Data block
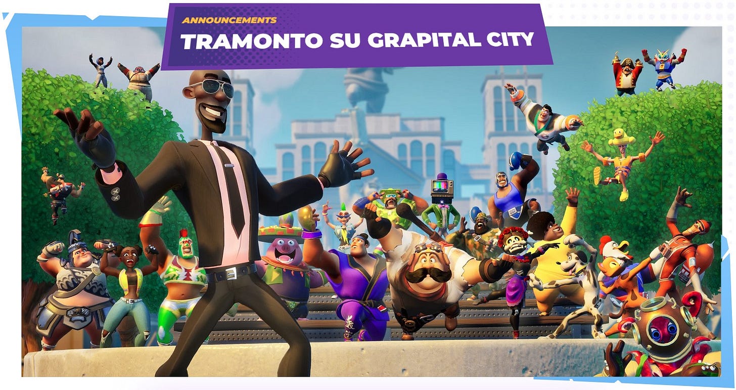 È andata anche peggio a Rumbleverse. Il gioco di Epic e Iron Galaxy (Killer Instinct) ha fatto sapere al suo pubblico che i server saranno spenti il 28 febbraio, dopo poco più di sei mesi dall’accensione (11 agosto 2022). In questo caso l’annuncio sceglie di utilizzare “sunset” come sostantivo. Potete trovare entrambe le immagini relative alla notizia in cima a questa sezione: la prima è quella pubblicata sulla versione inglese del sito ufficiale, la seconda su quella italiana.
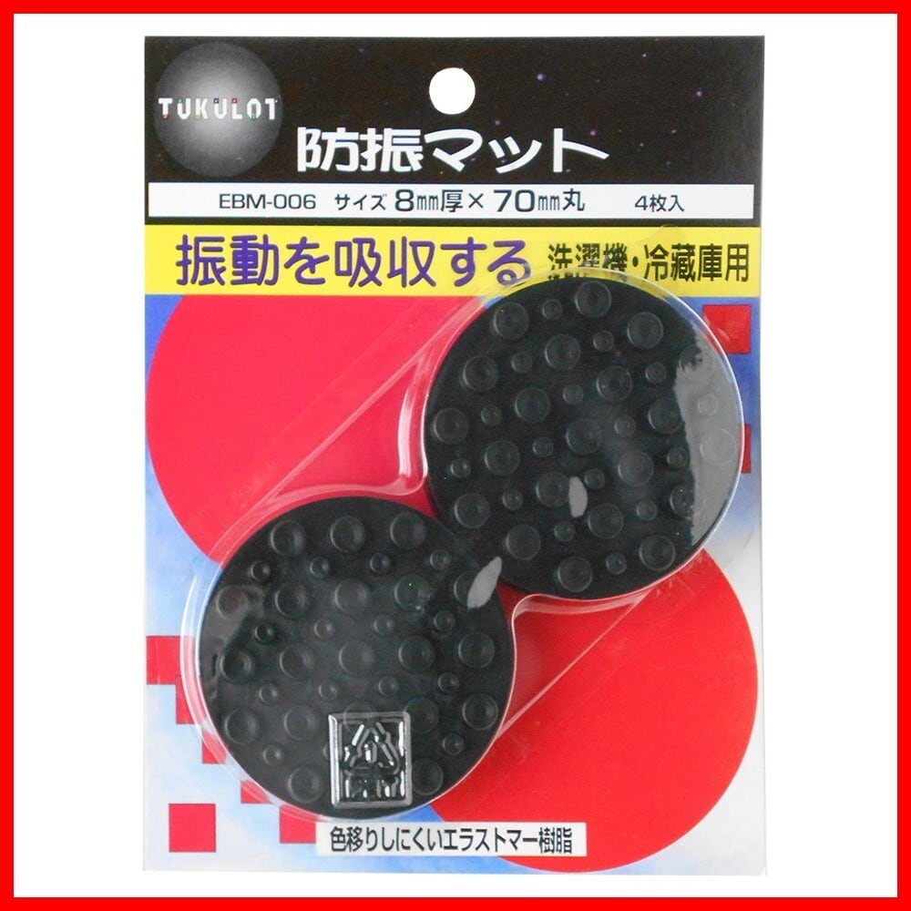 和気産業 防振マット 洗濯機・冷蔵庫用 丸 黒 厚さ8X直径70mm 電化製品 振動 吸収 EBM-006 4枚入り
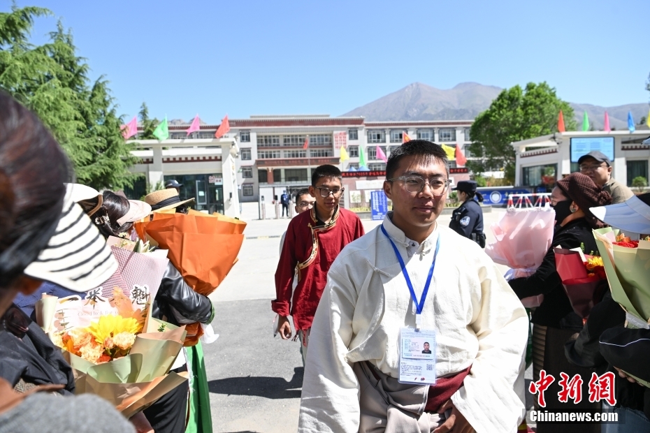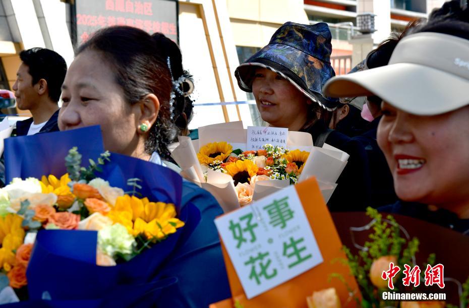 6月9日,西藏拉薩江蘇實驗中學(xué)考點外親友為考生送鮮花。當(dāng)日,西藏自治區(qū)2025年普通高考完成所有科目考試,2025年西藏高考落下帷幕。中新社記者 貢嘎來松 攝
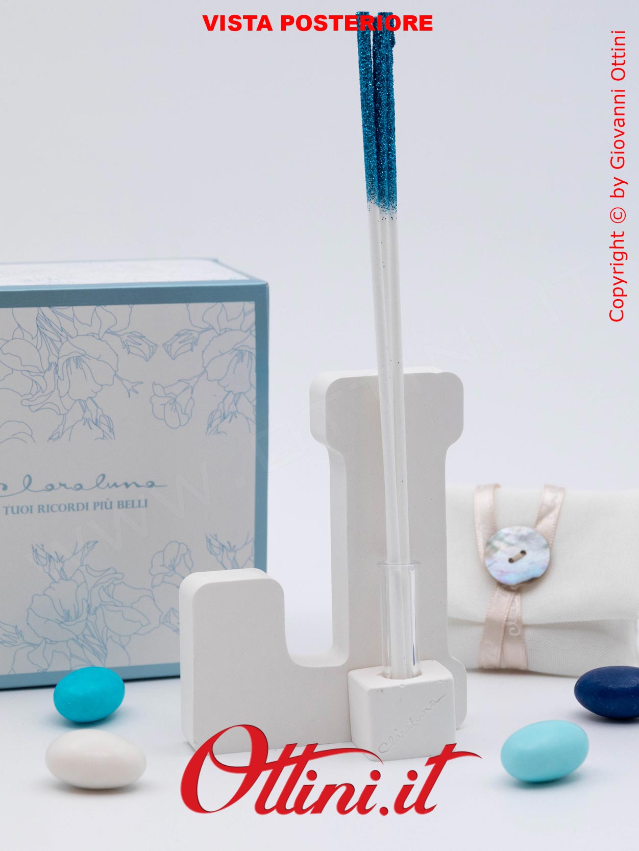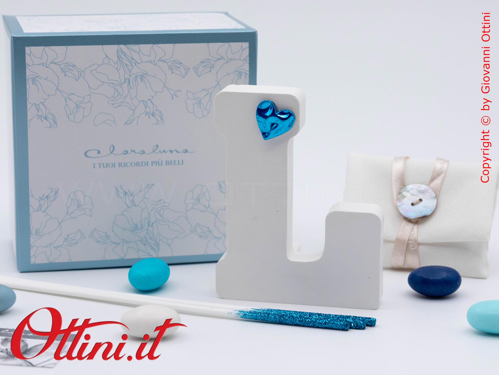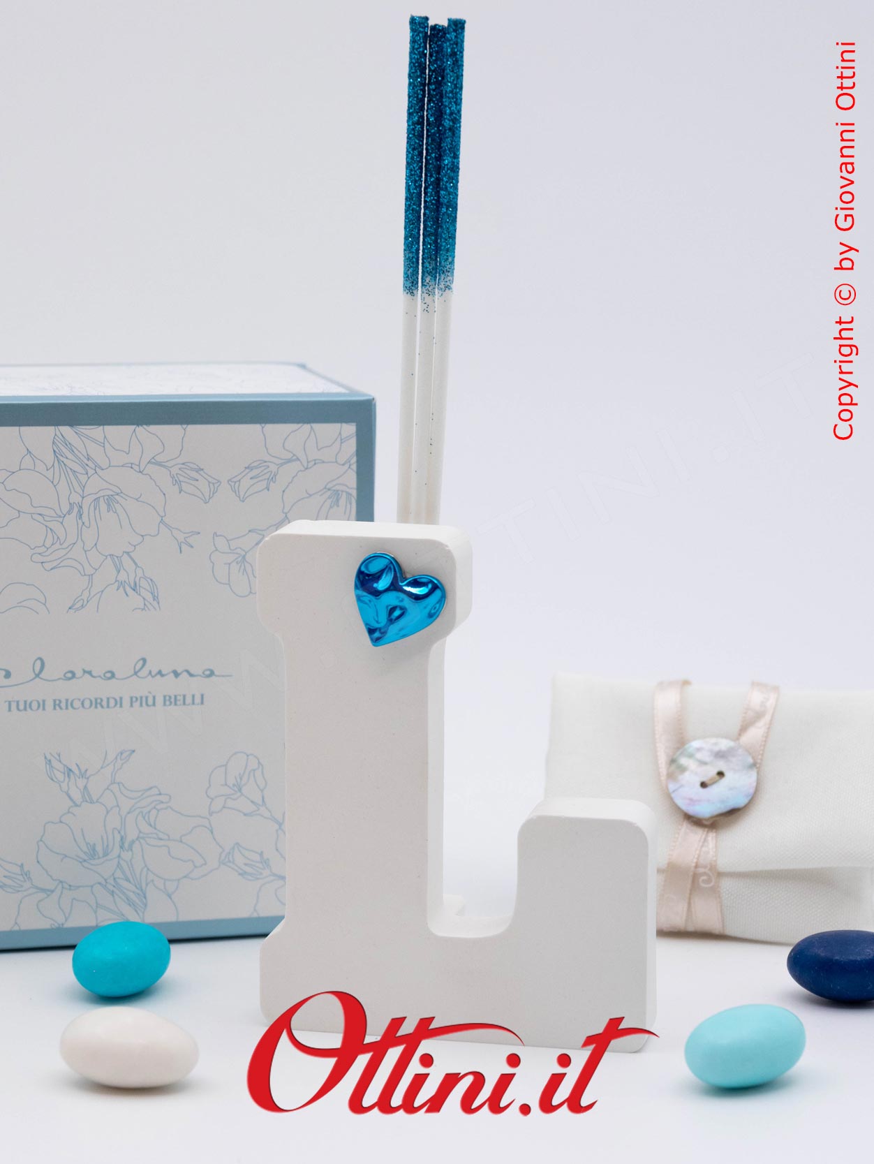 La personalizzazione di un prodotto è la possibilità di associarlo ad un evento o alla persona festeggiata, un valore aggiunto che trasforma una cosa anonima in qualcosa di speciale. Le lettere del diffusore alfabeto con cuore azzurro sono dei profumatori per ambienti realizzati in gesso. La versione maschile ha il cuore azzurro e quella femminile ( cod. 26296) il cuore rosa. Sono completi del kit essenza composto dai bastoncini diffusori glitterati coordinati (rosa per la versione femminile e azzurri per la maschile) e dal flaconcino di profumo originale Claraluna. E’ un oggetto giovane e moderno, indicato per tutti gli eventi della vita.

About this exercise
Extract every line of the data exactly; pictures stay out.

The answer
 È andata anche peggio a Rumbleverse. Il gioco di Epic e Iron Galaxy (Killer Instinct) ha fatto sapere al suo pubblico che i server saranno spenti il 28 febbraio, dopo poco più di sei mesi dall’accensione (11 agosto 2022). In questo caso l’annuncio sceglie di utilizzare “sunset” come sostantivo. Potete trovare entrambe le immagini relative alla notizia in cima a questa sezione: la prima è quella pubblicata sulla versione inglese del sito ufficiale, la seconda su quella italiana.
 和気産業 防振マット 洗濯機・冷蔵庫用 丸 黒 厚さ8X直径70mm 電化製品 振動 吸収 EBM-006 4枚入り
 6月9日,西藏拉薩江蘇實驗中學(xué)考點外親友為考生送鮮花。當(dāng)日,西藏自治區(qū)2025年普通高考完成所有科目考試,2025年西藏高考落下帷幕。中新社記者 貢嘎來松 攝
 La personalizzazione di un prodotto è la possibilità di associarlo ad un evento o alla persona festeggiata, un valore aggiunto che trasforma una cosa anonima in qualcosa di speciale. Le lettere del diffusore alfabeto con cuore azzurro sono dei profumatori per ambienti realizzati in gesso. La versione maschile ha il cuore azzurro e quella femminile ( cod. 26296) il cuore rosa. Sono completi del kit essenza composto dai bastoncini diffusori glitterati coordinati (rosa per la versione femminile e azzurri per la maschile) e dal flaconcino di profumo originale Claraluna. E’ un oggetto giovane e moderno, indicato per tutti gli eventi della vita.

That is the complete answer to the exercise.